* _Task statement_
Begin at the line containing "Naturally formed over" in the data below and go on through the line containing "Beautiful home on", repeating each line exactly; include both ends and no other line.

* _Material for this exercise_
● ● ● ● ●
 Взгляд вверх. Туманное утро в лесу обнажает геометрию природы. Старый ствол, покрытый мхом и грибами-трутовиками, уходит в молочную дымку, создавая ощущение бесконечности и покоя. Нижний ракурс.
● ● ● ● ●
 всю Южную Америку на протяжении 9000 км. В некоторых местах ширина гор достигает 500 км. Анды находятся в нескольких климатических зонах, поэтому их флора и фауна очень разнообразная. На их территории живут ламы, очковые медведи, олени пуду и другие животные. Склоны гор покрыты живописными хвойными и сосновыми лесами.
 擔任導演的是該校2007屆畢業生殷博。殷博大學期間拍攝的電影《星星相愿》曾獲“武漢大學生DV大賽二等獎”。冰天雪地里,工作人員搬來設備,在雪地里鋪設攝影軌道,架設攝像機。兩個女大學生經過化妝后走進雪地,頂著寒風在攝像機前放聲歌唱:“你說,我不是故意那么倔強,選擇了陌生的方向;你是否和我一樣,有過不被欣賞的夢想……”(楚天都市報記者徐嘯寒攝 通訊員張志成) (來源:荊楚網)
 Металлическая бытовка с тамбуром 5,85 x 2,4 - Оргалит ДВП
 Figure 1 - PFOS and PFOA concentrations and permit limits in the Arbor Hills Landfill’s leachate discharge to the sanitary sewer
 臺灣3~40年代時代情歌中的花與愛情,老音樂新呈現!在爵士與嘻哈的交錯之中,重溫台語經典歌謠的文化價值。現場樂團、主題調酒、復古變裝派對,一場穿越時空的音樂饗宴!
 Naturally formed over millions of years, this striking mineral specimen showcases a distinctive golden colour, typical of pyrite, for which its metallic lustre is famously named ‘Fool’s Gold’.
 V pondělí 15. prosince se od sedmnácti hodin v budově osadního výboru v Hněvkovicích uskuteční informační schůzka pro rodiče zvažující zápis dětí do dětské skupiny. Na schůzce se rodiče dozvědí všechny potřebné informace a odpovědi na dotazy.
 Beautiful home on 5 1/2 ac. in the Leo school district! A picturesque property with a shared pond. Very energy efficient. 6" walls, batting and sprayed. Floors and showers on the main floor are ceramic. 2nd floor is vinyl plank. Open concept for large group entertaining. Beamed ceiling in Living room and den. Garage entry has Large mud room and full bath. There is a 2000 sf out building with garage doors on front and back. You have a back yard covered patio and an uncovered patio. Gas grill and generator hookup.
● ● ● ● ●
* _Task answer_
 Naturally formed over millions of years, this striking mineral specimen showcases a distinctive golden colour, typical of pyrite, for which its metallic lustre is famously named ‘Fool’s Gold’.
 V pondělí 15. prosince se od sedmnácti hodin v budově osadního výboru v Hněvkovicích uskuteční informační schůzka pro rodiče zvažující zápis dětí do dětské skupiny. Na schůzce se rodiče dozvědí všechny potřebné informace a odpovědi na dotazy.
 Beautiful home on 5 1/2 ac. in the Leo school district! A picturesque property with a shared pond. Very energy efficient. 6" walls, batting and sprayed. Floors and showers on the main floor are ceramic. 2nd floor is vinyl plank. Open concept for large group entertaining. Beamed ceiling in Living room and den. Garage entry has Large mud room and full bath. There is a 2000 sf out building with garage doors on front and back. You have a back yard covered patio and an uncovered patio. Gas grill and generator hookup.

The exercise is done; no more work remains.